COS 104-5
Tree harvest, fire, and drought can drive state transitions in savannas
Deciphering the mechanisms by which ecosystems shift between alternate stable states is a central goal of modern ecology, and a necessary task to inform management decisions. Several lines of evidence suggest savanna and forest are alternate stable states at the mesic end of the savanna distribution, and at the arid end savanna and grassland may also be alternate stable states. While mean annual precipitation explains broad patterns in biome distribution, fire has been invoked to explain why savanna often persists where the climate is amenable to the forest state. Given that some 240-450 million tons of wood is harvested annually from African forests and savannas, we ask whether tree harvest also plays a role.

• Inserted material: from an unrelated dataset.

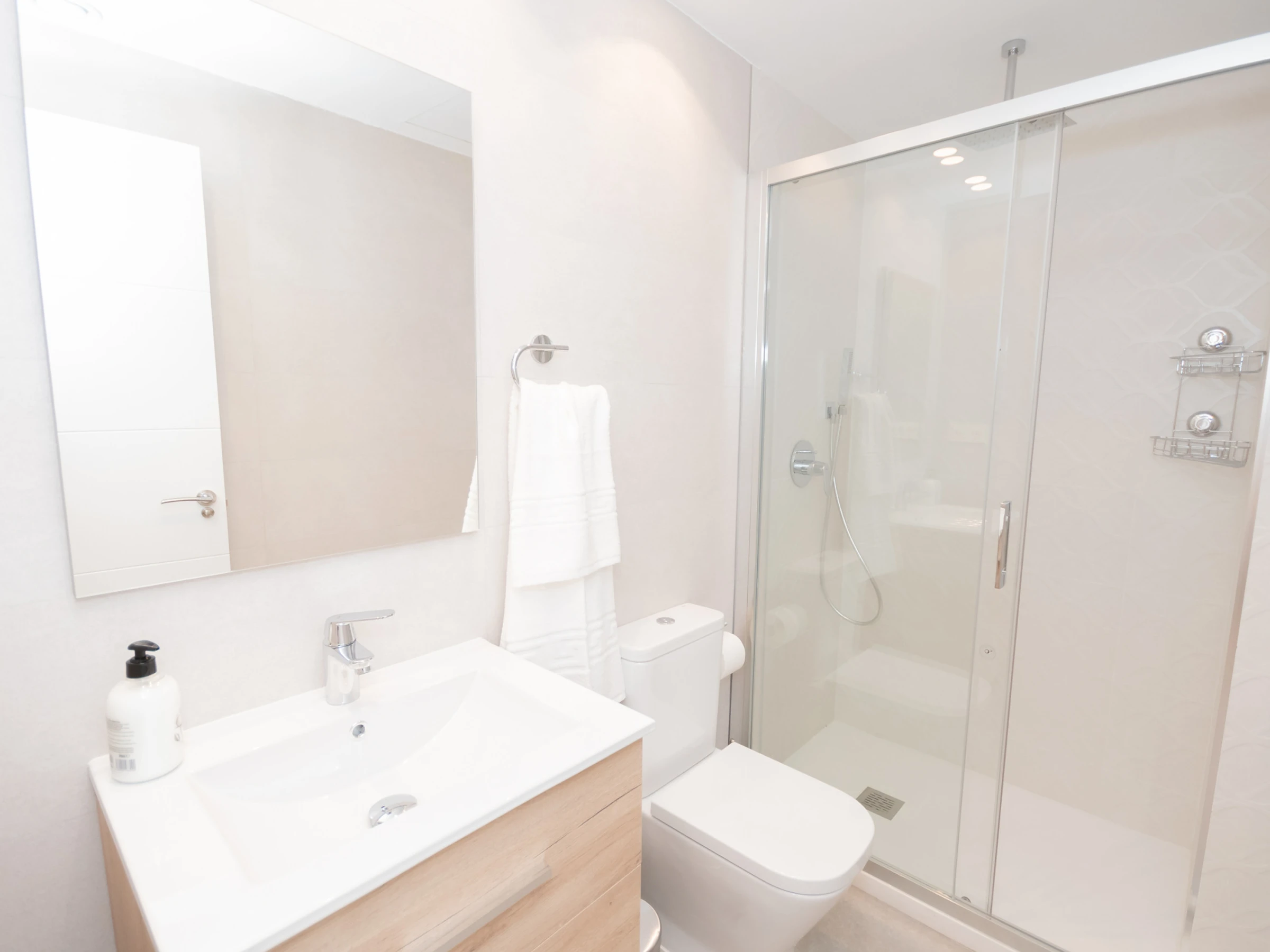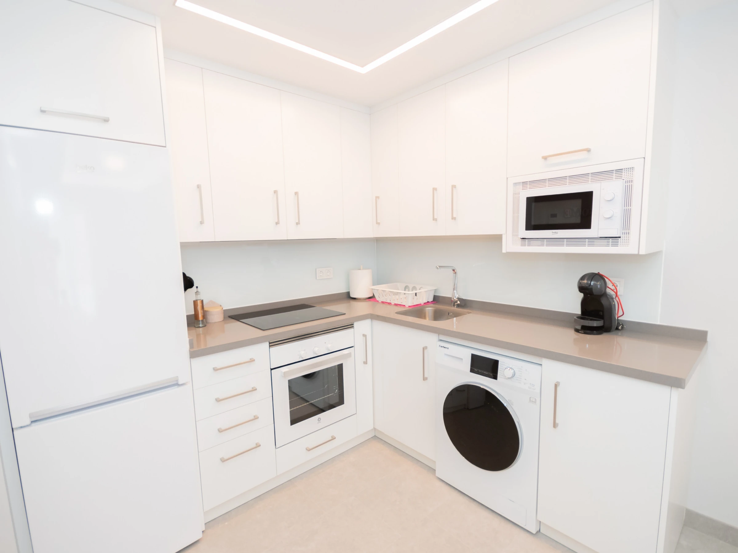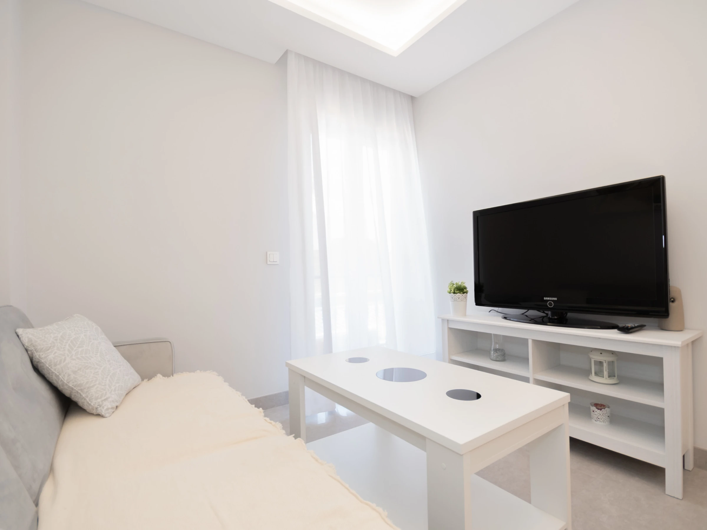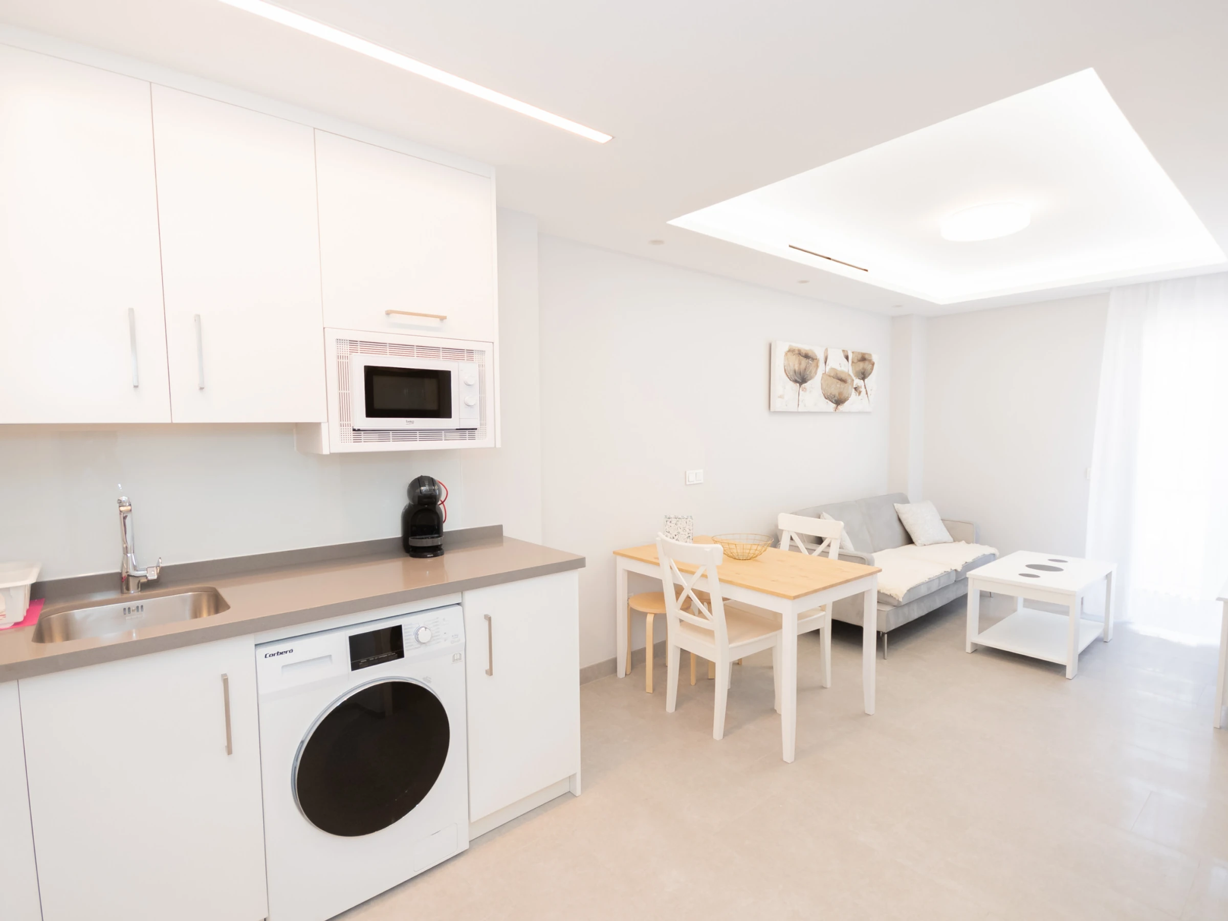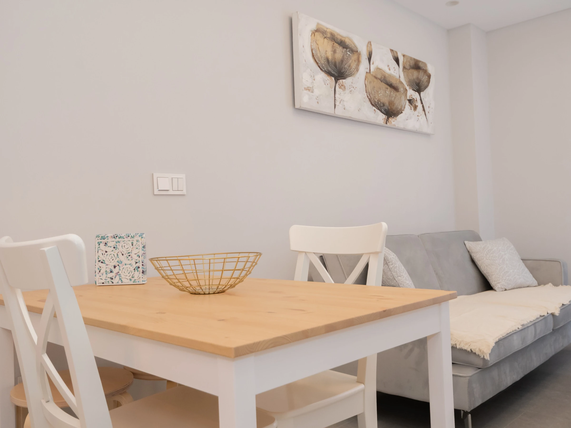 El apartamento está amueblado con estilo y cuenta con una cocina americana totalmente equipada para preparar tus comidas 🍽️, un salón cómodo con TV y WiFi gratis para tus momentos de descanso 🛋️, y aire acondicionado centralizado junto a ventanas de doble cristal que garantizan un ambiente fresco y silencioso ❄️. El dormitorio principal ofrece una cama de matrimonio, y el sofá-cama del salón permite alojar a más personas, ideal para grupos o familias. El baño completo con ducha añade funcionalidad a tu estancia 🛏️.

To address this question we incorporate tree harvest into a model of grasses, savanna saplings, savanna trees, and forest trees proposed by Staver and Levin (2012). We use assumptions about the differential demographic responses of savanna trees (they resprout) and forest trees (they do not resprout) to show how tree harvest influences not only tree cover but also tree demography.
Results/Conclusions
In general, the model suggests savannas are resilient to tree harvest due to adaptations savanna trees have evolved to cope with frequent fire (resprouting). However, at the arid and mesic ends of the grassland-savanna-forest continuum, tree harvest can have a profound and potentially irreversible impact. At the savanna-forest ecotone the model produces a runaway feedback between tree harvest and fire frequency that can drive a biome transition from forest to savanna that will likely be persistent without active fire suppression. At the grassland-savanna ecotone tree harvest can make a savanna more vulnerable to periodic droughts by disrupting the storage potential held within long-lived adult savanna trees, which results in a transition to a grassland state. These results are not just of theoretical interest. Demand for wood fuels is projected to increase in sub-Saharan Africa, as is the use of charcoal, which requires more wood per unit energy. Thus, as demand for wood fuels, especially charcoal, increases in the coming decades we can anticipate the boundaries of the savanna biome relative to grassland and forest to shift.